An appropriate response


The only certain way for a director to avoid Bohnen’s fate in Schoon is to insist that the corporation provide indemnification rights via a separate agreement, which, as a real contract, cannot be amended without the director’s consent.

Corporations may also consider including in their bylaws a provision intended to override the Schoon principle such as a clause to the effect that ‘no amendment to these indemnification provisions shall affect any right in respect of acts or omissions of any indemnified person occurring prior to such amendment.’ There is no downside to including such a provision, but there can be no assurance that it cannot be amended away, just like Bohnen’s right to advancement.

Where feasible, including full indemnification provisions in a corporation’s charter, instead of or in addition to the bylaws, would at least make it necessary to get approval by the shareholders – and not just the board – of an amendment intended to deprive directors of protection. For a closely held corporation, where the shareholders and board may be the same people or at least have a very similar perspective, this may provide little practical comfort. In the case of a public company, it would enhance the protection significantly, but a public company that does not already provide for indemnification in its charter – most don’t – may be reluctant to seek shareholder approval of the amendment that would include it.

Learning your lesson


The Schoon court also held that when a law firm represents both indemnified persons and non-indemnified persons, and the firm’s fees are not recorded and billed completely separately, the allocation of indemnified and non-indemnified fees will be done per capita – ie, if the firm represents two directors, one indemnified and one not, the indemnifying corporation will be required to pay half of the fees – and the court will not seek to allocate fees more precisely.

This rough justice is extra gritty, because it effectively requires the indemnifying corporation to pay for only 50 percent of the work that is common to the two defenses, even though 100 percent of that work would likely have been required had the law firm been representing only the indemnified director.
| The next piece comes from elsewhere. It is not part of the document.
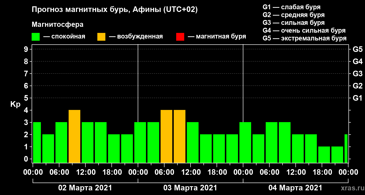 Прогноз магнитных бурь Афинах — 2 марта 2021 года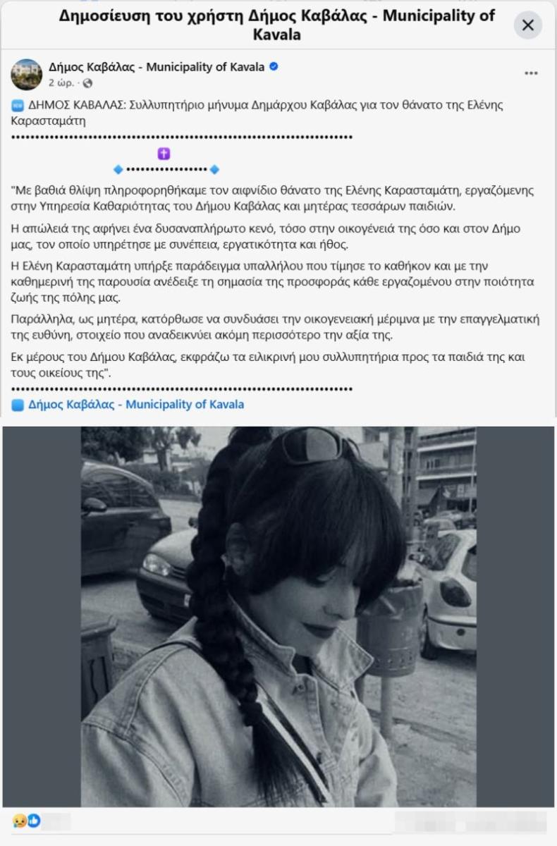 «Με βαθιά θλίψη πληροφορηθήκαμε τον αιφνίδιο θάνατο της Ελένης Καρασταμάτη, εργαζόμενης στην Υπηρεσία Καθαριότητας του Δήμου Καβάλας και μητέρας τεσσάρων παιδιών. Η απώλειά της αφήνει ένα δυσαναπλήρωτο κενό, τόσο στην οικογένειά της όσο και στον Δήμο μας, τον οποίο υπηρέτησε με συνέπεια, εργατικότητα και ήθος», αναφέρει ο δήμαρχος Καβάλας.

The court makes this justice even rougher by suggesting that the corporation is only required to pay legal fees relating ‘solely’ to the indemnifiable matter. If strictly applied, this standard could deprive the indemnified director of protection for the cost of work benefiting both indemnified and non-indemnified directors.

Law firms in this situation should pay special attention to their time recording and billing allocations.

In Levy et al v HLI Operating Company, May 16, 2007, the court also limited the reach of the ruling that indemnitees who have recovered their expenses from another source may not pursue an indemnity claim against the corporation.

Directors were denied indemnification in Levy because a private equity fund with which they were affiliated had already reimbursed them. In Schoon, the court rejected Troy’s argument that, under Levy, the fact that Bohnen’s defense costs had already been paid by his family company required that his claim against the corporation be denied. In its opinion, the court noted that the private equity fund in Levy was obligated to indemnify, while the family company in Schoon, apparently, was not. But the court may have also been influenced by the fact that in Schoon, Bohnen made the existence of the prior indemnification known to the court, while in Levy the court appeared miffed that the directors seeking indemnification had not disclosed up front that they had already been indemnified.

In light of the Schoon decision, directors and officers who are not already party to indemnification agreements should consult their own or their corporation’s counsel.